With the pictures omitted, print exactly the lines below, from the one containing "Un diseño de" through the one containing "Glossy Black Tobiano", and nothing else.

> _Records_:
——————

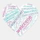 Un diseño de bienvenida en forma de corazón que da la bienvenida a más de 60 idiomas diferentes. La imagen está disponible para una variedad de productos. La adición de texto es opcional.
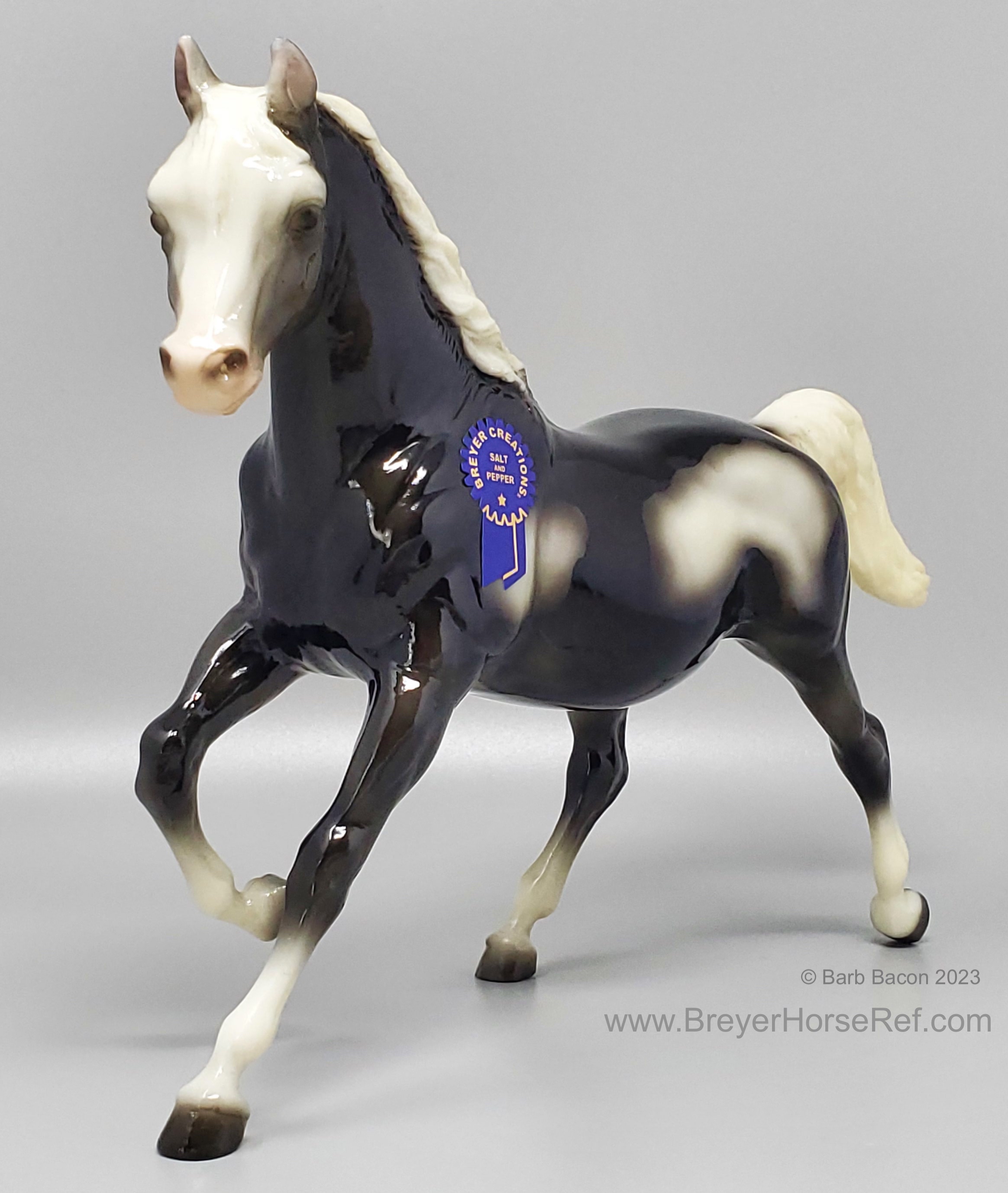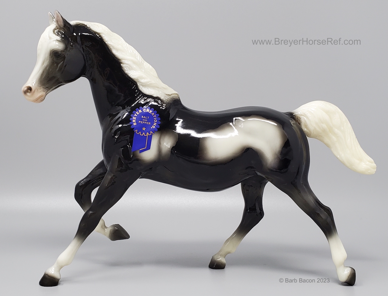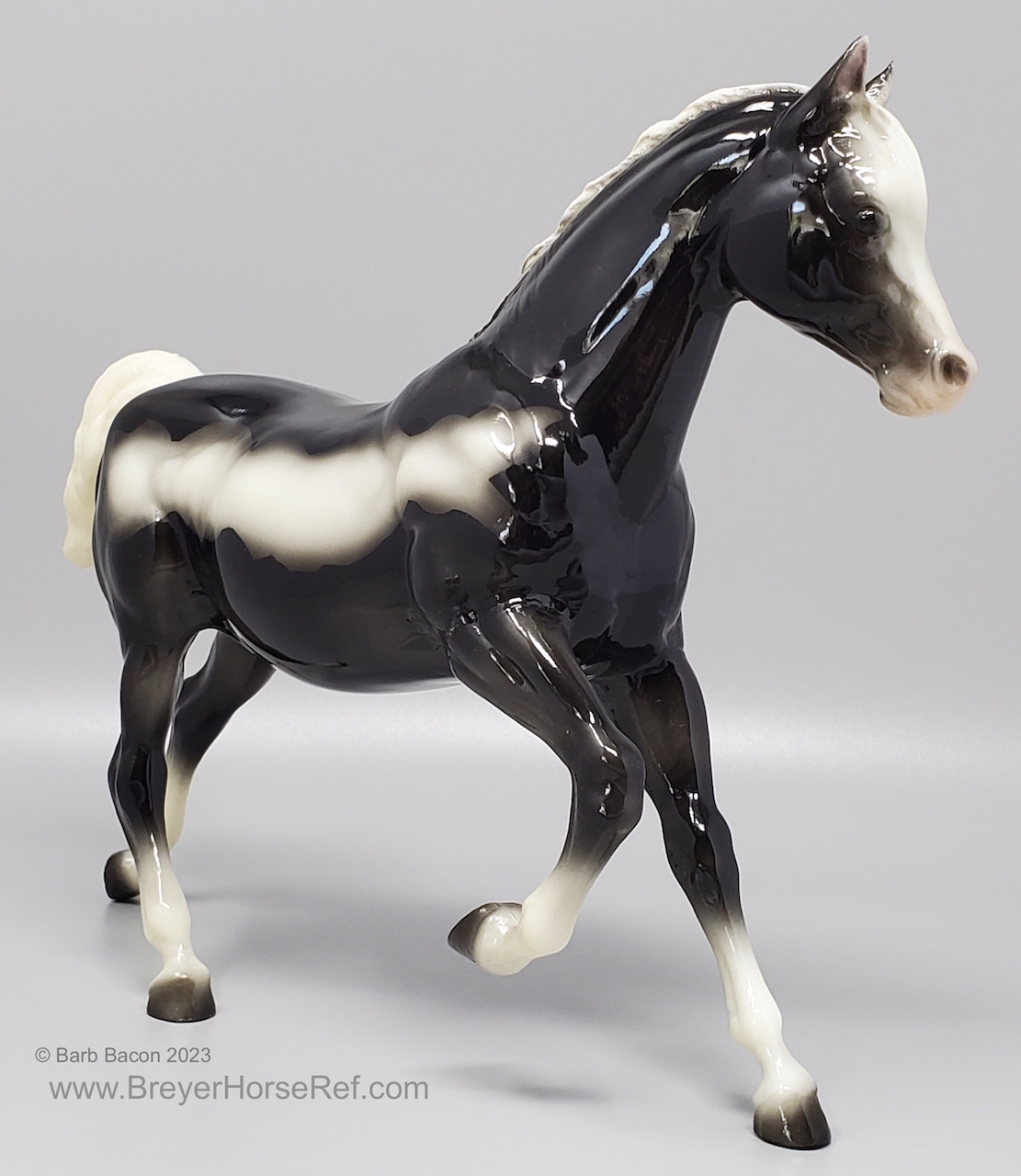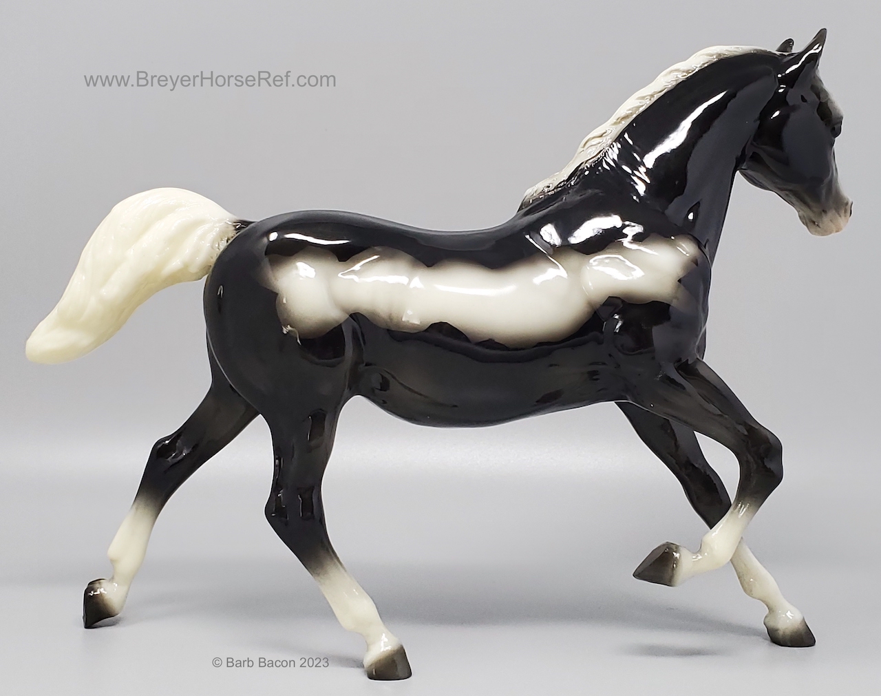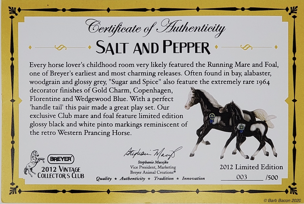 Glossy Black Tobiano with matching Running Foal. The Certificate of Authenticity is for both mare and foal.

——————

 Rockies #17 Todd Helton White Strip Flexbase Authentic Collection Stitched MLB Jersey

——————

> _Result of the exercise_:
 Un diseño de bienvenida en forma de corazón que da la bienvenida a más de 60 idiomas diferentes. La imagen está disponible para una variedad de productos. La adición de texto es opcional.
 Glossy Black Tobiano with matching Running Foal. The Certificate of Authenticity is for both mare and foal.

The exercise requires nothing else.